Em Mato Grosso do Sul, que abriga a maior população indígena do país fora do bioma amazônico, o Ministério da Saúde contabiliza 76 casos confirmados da doença entre indígenas, sendo 62 deles no distrito de Dourados, segundo dados da Secretaria Estadual de Saúde. O município abriga dois frigoríficos de grande porte, um da BRF e um da JBS, onde a contaminação de 33 indígenas levou ao afastamento imediato dos trabalhadores residentes em aldeias e fez do município o epicentro da pandemia no Estado.

“A vulnerabilidade da comunidade indígena é latente, independentemente de perderem o vínculo com os frigoríficos”, observa o procurador do trabalho no MS, Jeferson Pereira. Atualmente, o MPT acompanha a situação de quase 40 frigoríficos no Estado e tem orientado as empresas sobre as medidas de prevenção da doença. “A indústria frigorífica aqui no Estado tem se demonstrado colaborativa na implementação de tais medidas”, avalia Pereira.

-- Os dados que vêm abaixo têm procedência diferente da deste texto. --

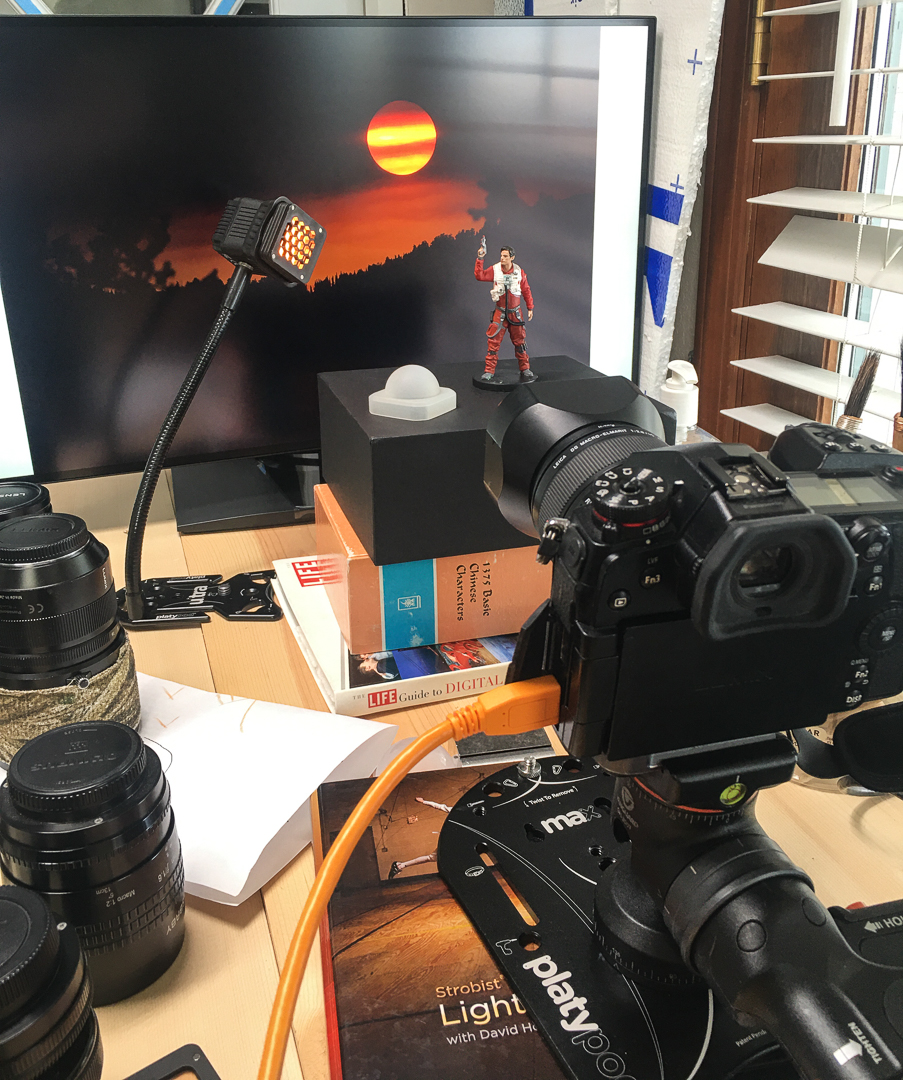 It’s much easier to manipulate the camera perspective than a tripod. If it’s too low, add a book. If it’s too high, put a book under your subject. I used a Max (B&H | Amazon) for my camera and an Ultra (B&H | Amazon) for the lights.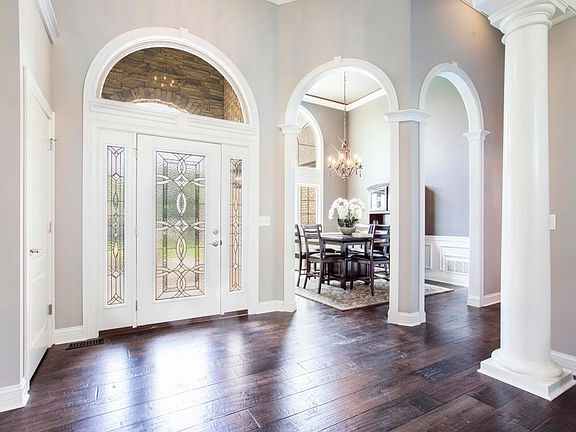 Regal and stunning, this gorgeous mostly new ranch is nestled on a quiet cul-de-sac in Southern Breeze in J-town - minutes from anywhere in Louisville! This home showcases elegance in living through all the incredible features it boasts, from the soaring coffered and vaulted ceilings, to the stunning hardwoods, to the custom moldings, it's all here! From the moment you enter you'll be swept away, bathed in glorious sunlight, from the arches, to the columns, to the rich fireplace, and more! The kitchen is a chefs delight, here you'll find glorious glazed custom cabinets, delicious granite, luxury appliances and more drawers than you could ever count!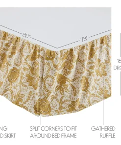 PERFECT FIT: The Dorset Gold King bed skirt is designed to perfectly fit and match your King bed; Comes with 1 (78x80x16) farmhouse bed skirt; Give this classic decor bed skirt to friends and family as a wedding, housewarming, or birthday present.,SOFT COTTON FABRIC: This King bed skirt is made from 100% luxurious cotton fabric; This farmhouse bed skirt is softer than the regular cotton blend and embellishes your bedroom decor.,COORDINATING ACCESSORIES: Pair this farmhouse bed skirt with matching quilts, shams, pillows, panels, and valances from the Dorset Gold collection.,LONG DROP SIZE: The 16 inch drop ensures that your bed skirt will reach the floor; Any boxes or possessions stored under the bed will be safely hidden away thanks to our farmhouse bed skirt, giving the bedroom a less cluttered look.,EASY TO CLEAN: To give your cotton bed skirt as many years of quality comfort as possible, place it in the wash on a gentle cycle, and afterward tumble dry low.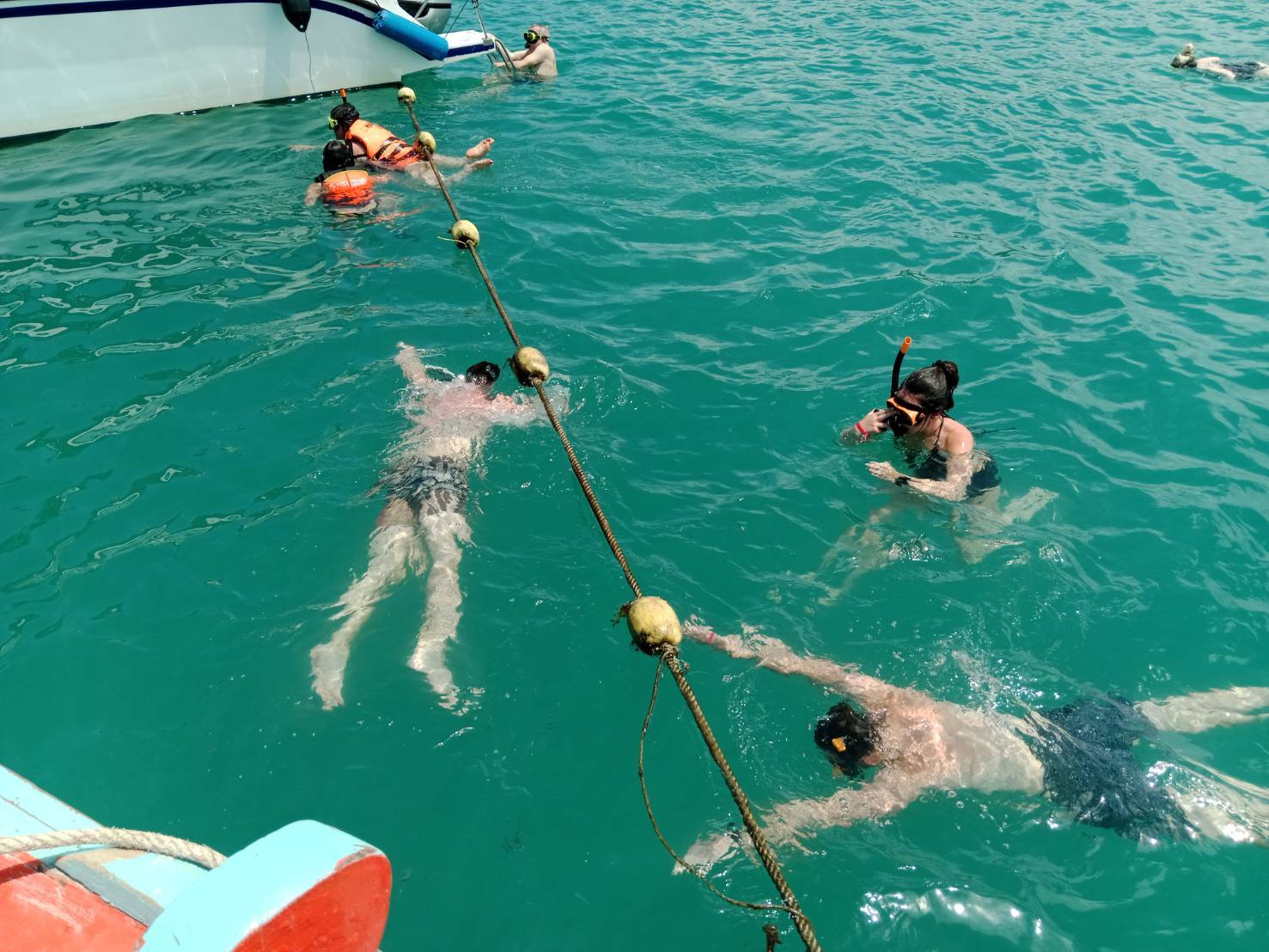 继续前往天岛进行游泳、浮潜和划橡皮艇等活动,然后享用午餐。在原始海滩上度过空闲时间,在水晶般清澈的海水中划皮划艇,欣赏未受破坏的风景。一整个下午后,返回通克鲁特码头并送回您的住宿。

Além do setor frigorífico, Mato Grosso do Sul também registrou casos da doença entre indígenas empregados no setor sucroenergético. Em maio, dois trabalhadores da aldeia Tey Kuêda que atuavam no plantio manual da cana-de-açúcar em uma usina da Raízen foram confirmados com a doença durante a testagem preventiva realizada pela empresa, que afastou todos seus colaboradores indígenas e manteve a remuneração.

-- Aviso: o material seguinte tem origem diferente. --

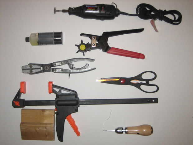 Bcontinuación es la lista de artículos que solía realizar este proyecto. Una voluntad de taladro con brocas adecuadas es un sustituto aceptable para el sacador de cuero, aunque los agujeros será un poco más ásperas. La lezna de coser podría no ser necesario si el epoxi es lo suficientemente fuerte, pero no quiero arriesgarlo. Yo quería hacer mi propio "titular de la ficha" (la parte que sostiene el sobrante del cinturón una vez que ha sido enhebrado a través de la hebilla), usé algunos agarres de barra y varias pinzas y acero. Probablemente puede hacer la correa con ningún titular de la ficha en todos, o el cinturón de donantes tenga uno adecuado. Un cúter muy afilado resistente puede funcionar en lugar de la Dremel, pero encontré mucho más fácil de usar en este material resistente el Dremel.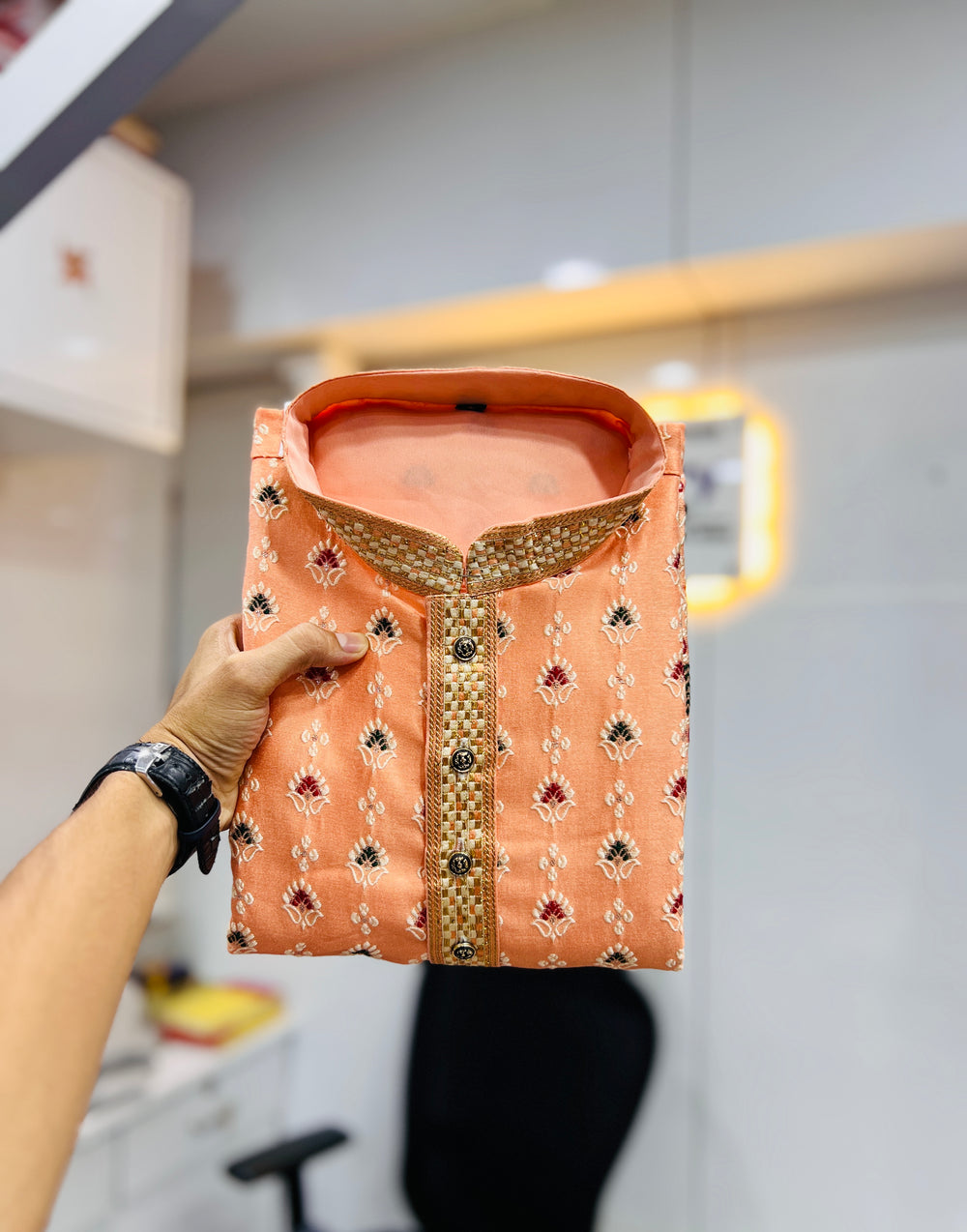 Elevate your wedding attire with our Peach Mens Kurta Pajama, featuring intricate Multi Embroidery Flower Work on lustrous Heavy J-card Silk. Complete the traditional look with the comfortable Cotton Pajama. Available in sizes M-3XL. Quality guaranteed with 100% Export Quality Products. Slight color variations may occur due to digital photography.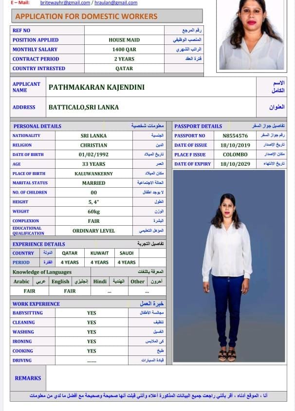 SHE CAN DO ALL HOUSEHOD WORK SUCH AS CLEANING WASHING IRONING AND COOKING AS WELL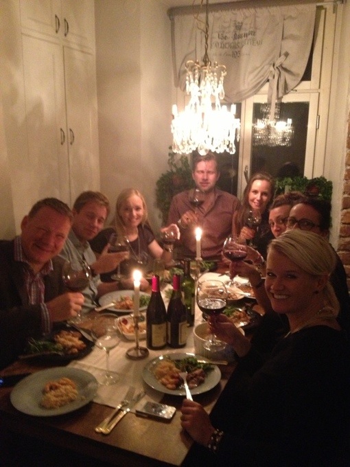 Fullt blev det i vårt lilla kök när vännerna Johan o Camilla , Niklas o Lisa, Christer o Tess och Camilla kom för att fira Gert som fyller på Måndag:) Jag verkligen älskar när det är fullt av sköna skratt och prat i vårt kök och när jag får veva runt i grytorna:) tack fina vänner för att ni finns:) kram

“Em Dourados foi proibido [o uso de força de trabalho indígena durante a pandemia], mas nas cidades adjacentes eles ainda estão indo trabalhar, o que é preocupante”, explica José Carlos Pacheco, presidente do Coletivo dos Trabalhadores Indígenas do MS, ao revelar preocupação com o acompanhamento desses indígenas dentro das aldeias. “A minha preocupação é que eles estão em quarentena dentro das aldeias e as empresas deveriam estar acompanhando esses trabalhadores”, observa Pacheco.

Mal necessário

 

Embora seja um importante fonte de renda para as comunidades indígenas, o trabalho na indústria agropecuária, sobretudo frigoríficos, é visto por lideranças e pesquisadores como um mal necessário para a subsistência dessas famílias. “Por que essa pessoas se dispõem a viajar por até seis horas todos os dia para trabalhar se possuem 11 mil hectares de terras? Essas áreas deveriam estar divididas de forma equitativa para que cada um tivesse condições de obter sua própria subsistência”, defende a advogada indígena Fernanda Kaingang, que atua na defesa dos trabalhadores da JBS em Seara, Santa Catarina.

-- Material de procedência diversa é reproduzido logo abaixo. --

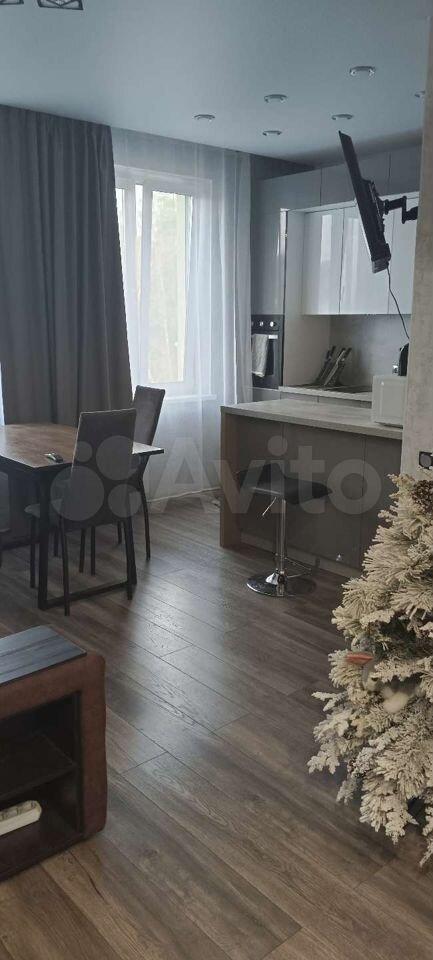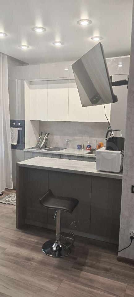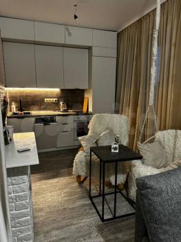 Двухкомнатная студия (спальня и кухня-гостинная). В квартире есть всё, кондиционер, посудомойка.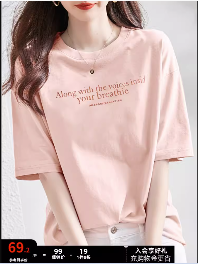 德玛纳粉色短袖T恤女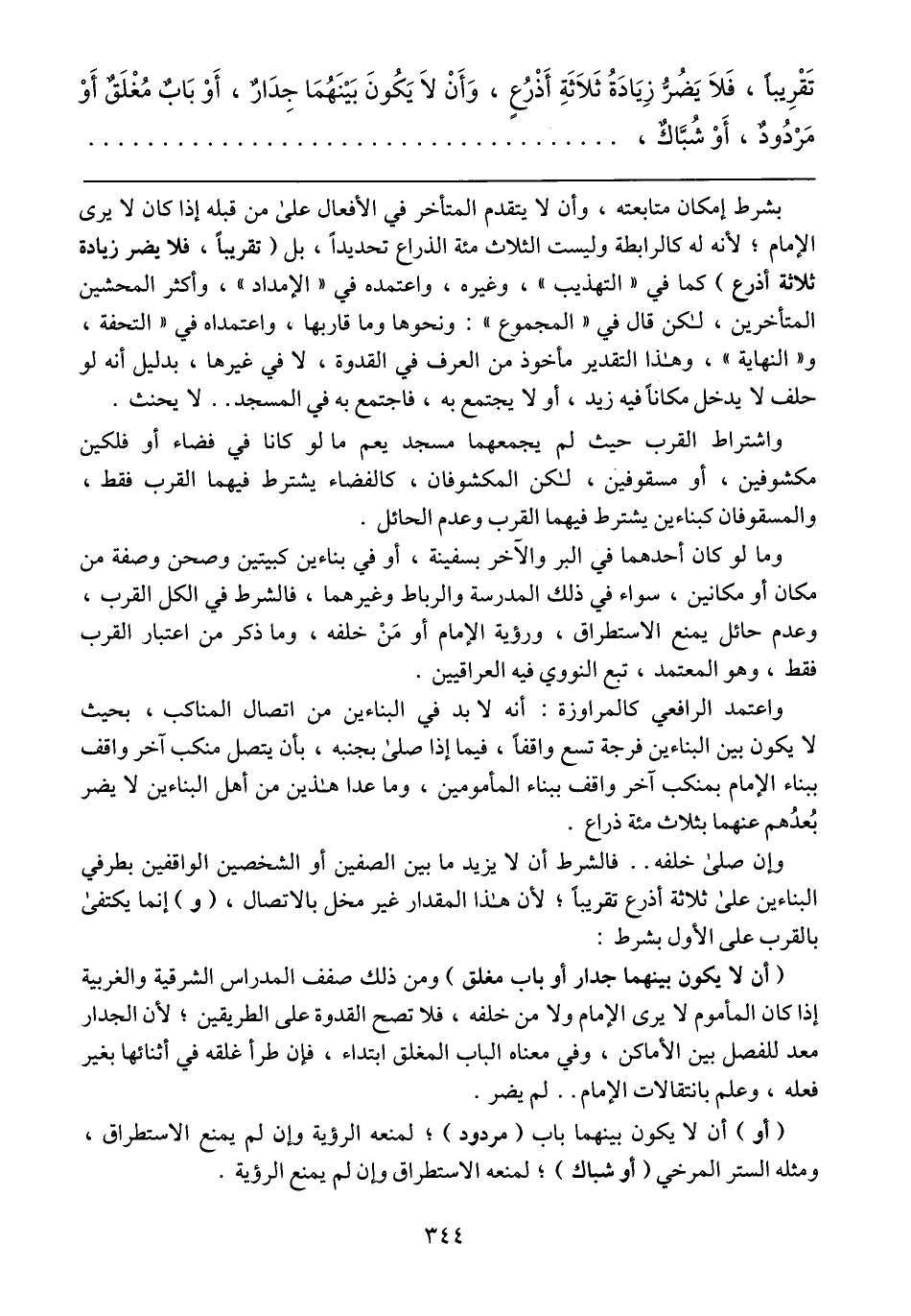 بشرط إمكان متابعته، وأن لا يتقدم المتأخر في الأفعال على من قبله إذا كان لا يرى الإمام؛ لأنه له كالرابطة وليست الثلاث مئة الذراع تحديداً، بل (تقريباً، فلا يضر زيادة ثلاثة أذرع) كما في "التهذيب"، وغيره، واعتمده في "الإمداد"، وأكثر المحشين المتأخرين، لكن قال في "المجموع": ونحوها وما قاربها، واعتمداه في "التحفة"، و"النهاية"، وهذا التقدير مأخوذ من العرف في القدوة، لا في غيرها، بدليل أنه لو حلف لا يدخل مكاناً فيه زيد، أو لا يجتمع به، فاجتمع به في المسجد .. لا يحنث.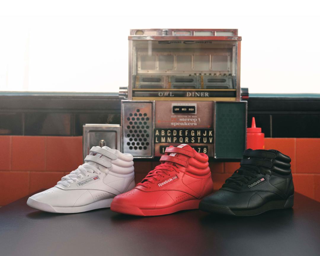 无数美国女性投入健身潮流,健美操成了不少女性的心头好,就如电影《某种物质》中一样,80年代,美国电视和录像带中,最受欢迎的就是跳着健美操的女主播。锐步察觉到了这一趋势,在1982年推出了全球首款女性健美操鞋Freestyle,靠着脚踝支撑系统和亮眼的设计引爆市场,成为当时最为畅销的运动鞋之一。

Após a demissão em massa de 40 indígenas da aldeia Serrinha pela empresa, a Justiça determinou a readmissão dos trabalhadores de forma liminar, mantendo o afastamento remunerado enquanto durar a pandemia. A advogada, contudo, relata que os trabalhadores dispensados não querem retornar ao trabalho no frigorífico. “É preciso pensar nos modelos de desenvolvimento sustentável dentro das terras indígenas. Isso precisa ser corrigido porque não sabemos quanto tempo vai durar a crise pós-pandemia e isso só vai agravar a miserabilidade de pessoas que não têm emprego formal”, destaca Fernanda.